_Data records_
========================
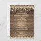 Um convite de casamento rústico, por país, com um fundo de prancha de madeira, rendas creme/bege e e luzes de cordas amarelas brilhantes complementam casamentos ao ar livre, no país, no oeste, no celeiro e/ou relaxados. Todo o texto é editável (exclua qualquer texto de amostra para deixar o vazio) e o estilo, tamanho, cor e posicionamento da fonte podem ser alterados para atender às suas necessidades, clicando na guia "clique para personalizar mais". O verso do convite apresenta o mesmo fundo em placas de madeira e oferece um lugar para acrescentar informações adicionais. Entre em contato com o designer se você quiser personalizar ou quiser coordenar itens para completar o seu conjunto de casamento.
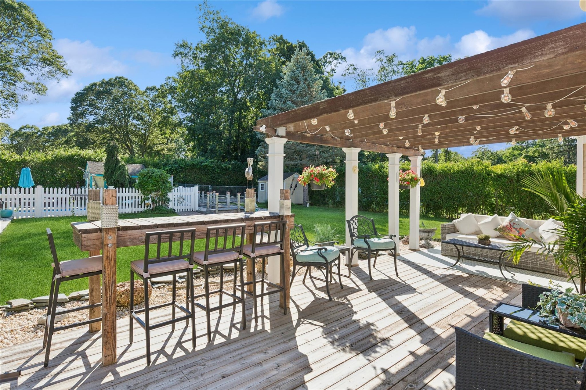 - Wooden terrace featuring an outdoor hangout area, a shed, and a pergola
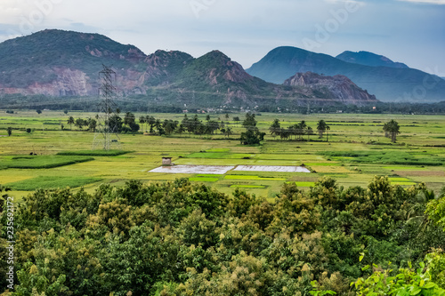 © Maayyaank555, Fototapeta premium awesome view of paddy farming with mountain in day time.
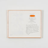 "A + P Surprise" is a delightful paradigm from this era. This whimsical lithograph is an output from Warhol's self-published cookbook, "Wild Raspberries", a collection of fanciful recipes and illustrations that satirize the extravagant gastronomy of the 1950s.Â
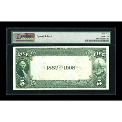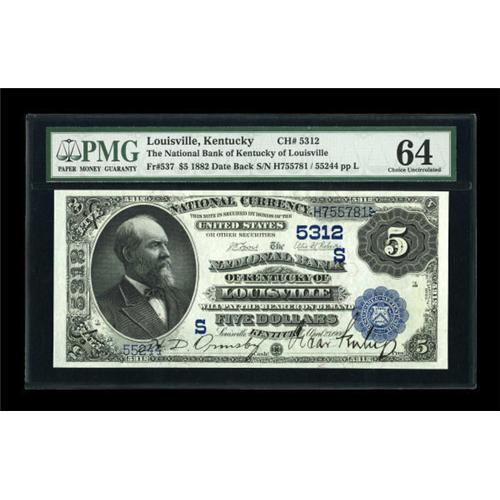 <B>Louisville, KY</B></I> - $5 1882 Date Back Fr. 537 <B>The NB of Kentucky</B></I> Ch. # (S)5312<BR> Behemoth margins and brilliant white paper give this near-Gem the look of a fully Superb issue. The signatures and brightly colored blue overprint add to the overall aesthetic appeal. <B>PMG Choice Uncirculated 64.</B></I><BR><BR><b>Shipping:</b> Coins & Currency (<a target="_blank" href="http://www.heritageauctions.com/common/shipping.php">view shipping information</a>)
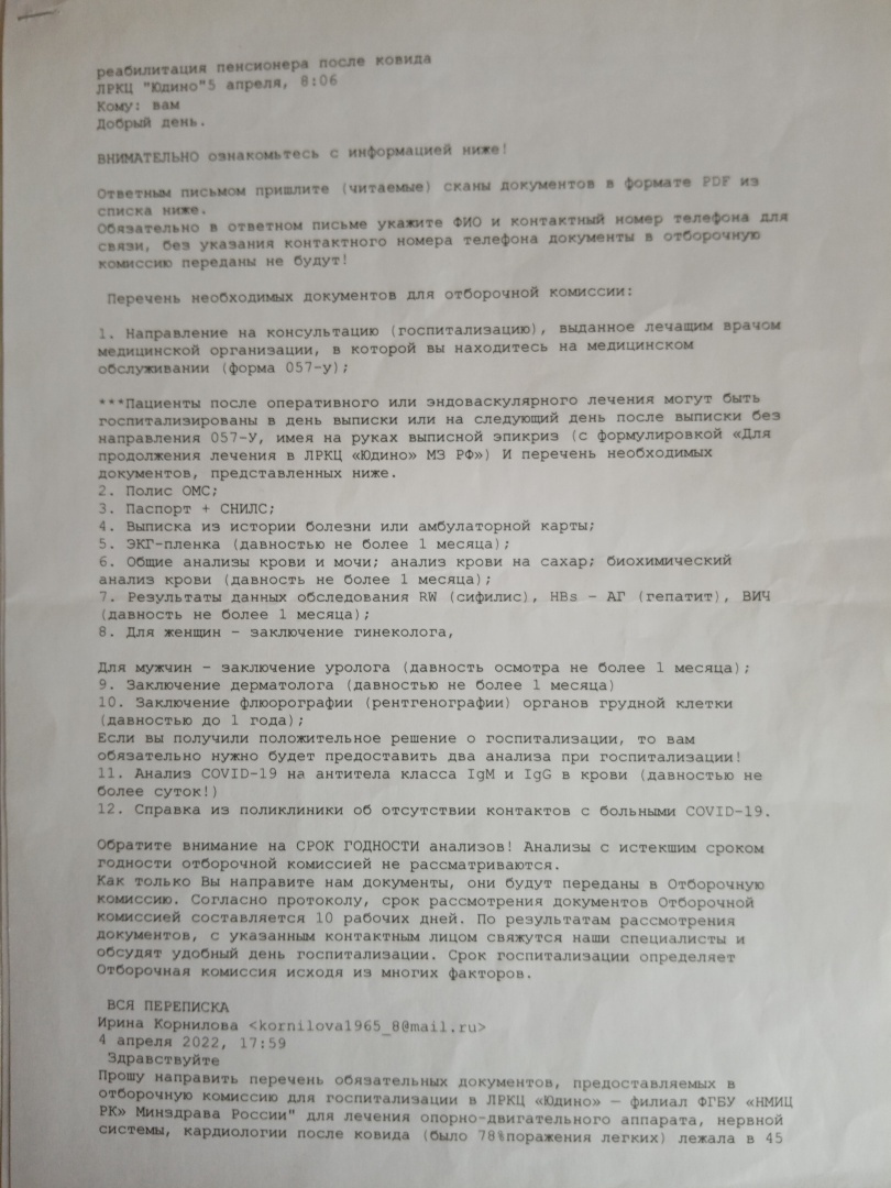 Моё лечение оформлялось по направлению нашего терапевта. Необходимо собрать все анализы и справки для комиссии. Последним сдаётся результат на наличие COVID-19 (действие справки 3 суток). Документы можно отвезти нарочно или отправить по электронной почте. Комиссия рассматривает все ваши документы в течение месяца и принимает решение о вашей лечении.
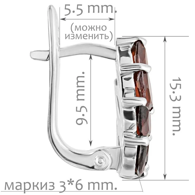 Серебряные серьги с натуральным гранатом - коллекция Искра / покрытие Белый Родий
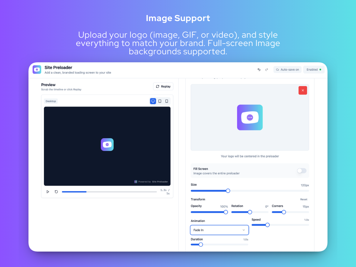 Full Customization - Choose your brand colors, gradients, logos, images, or videos to create a fully branded loading experience for your site
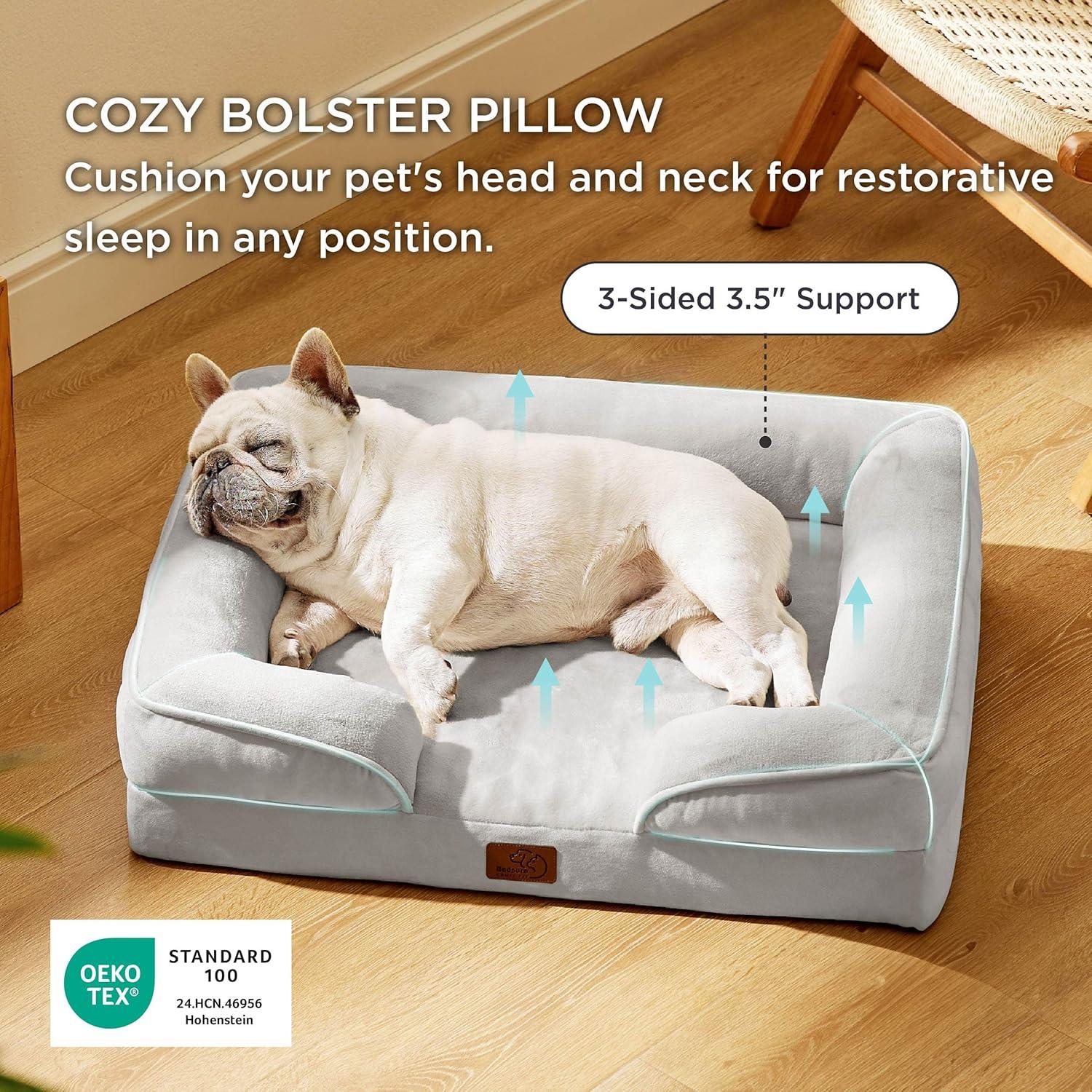 Bedsure Orthopedic Dog Beds Large Sized Dog – Washable Large Dog Cat Bed Waterproof, Comfort Dogs Couch Sofa with Washable Removable Cover, Pet Bed with Nonskid Bottom, Grey, 35″(Grey)
========================
_Task item_
Although the records include pictures, the copy should reproduce every line exactly and none of the pictures.

_Solution below_
 Um convite de casamento rústico, por país, com um fundo de prancha de madeira, rendas creme/bege e e luzes de cordas amarelas brilhantes complementam casamentos ao ar livre, no país, no oeste, no celeiro e/ou relaxados. Todo o texto é editável (exclua qualquer texto de amostra para deixar o vazio) e o estilo, tamanho, cor e posicionamento da fonte podem ser alterados para atender às suas necessidades, clicando na guia "clique para personalizar mais". O verso do convite apresenta o mesmo fundo em placas de madeira e oferece um lugar para acrescentar informações adicionais. Entre em contato com o designer se você quiser personalizar ou quiser coordenar itens para completar o seu conjunto de casamento.
 - Wooden terrace featuring an outdoor hangout area, a shed, and a pergola
 © Maayyaank555, Fototapeta premium awesome view of paddy farming with mountain in day time.
 "A + P Surprise" is a delightful paradigm from this era. This whimsical lithograph is an output from Warhol's self-published cookbook, "Wild Raspberries", a collection of fanciful recipes and illustrations that satirize the extravagant gastronomy of the 1950s.Â
 <B>Louisville, KY</B></I> - $5 1882 Date Back Fr. 537 <B>The NB of Kentucky</B></I> Ch. # (S)5312<BR> Behemoth margins and brilliant white paper give this near-Gem the look of a fully Superb issue. The signatures and brightly colored blue overprint add to the overall aesthetic appeal. <B>PMG Choice Uncirculated 64.</B></I><BR><BR><b>Shipping:</b> Coins & Currency (<a target="_blank" href="http://www.heritageauctions.com/common/shipping.php">view shipping information</a>)
 Моё лечение оформлялось по направлению нашего терапевта. Необходимо собрать все анализы и справки для комиссии. Последним сдаётся результат на наличие COVID-19 (действие справки 3 суток). Документы можно отвезти нарочно или отправить по электронной почте. Комиссия рассматривает все ваши документы в течение месяца и принимает решение о вашей лечении.
 Серебряные серьги с натуральным гранатом - коллекция Искра / покрытие Белый Родий
 Full Customization - Choose your brand colors, gradients, logos, images, or videos to create a fully branded loading experience for your site
 Bedsure Orthopedic Dog Beds Large Sized Dog – Washable Large Dog Cat Bed Waterproof, Comfort Dogs Couch Sofa with Washable Removable Cover, Pet Bed with Nonskid Bottom, Grey, 35″(Grey)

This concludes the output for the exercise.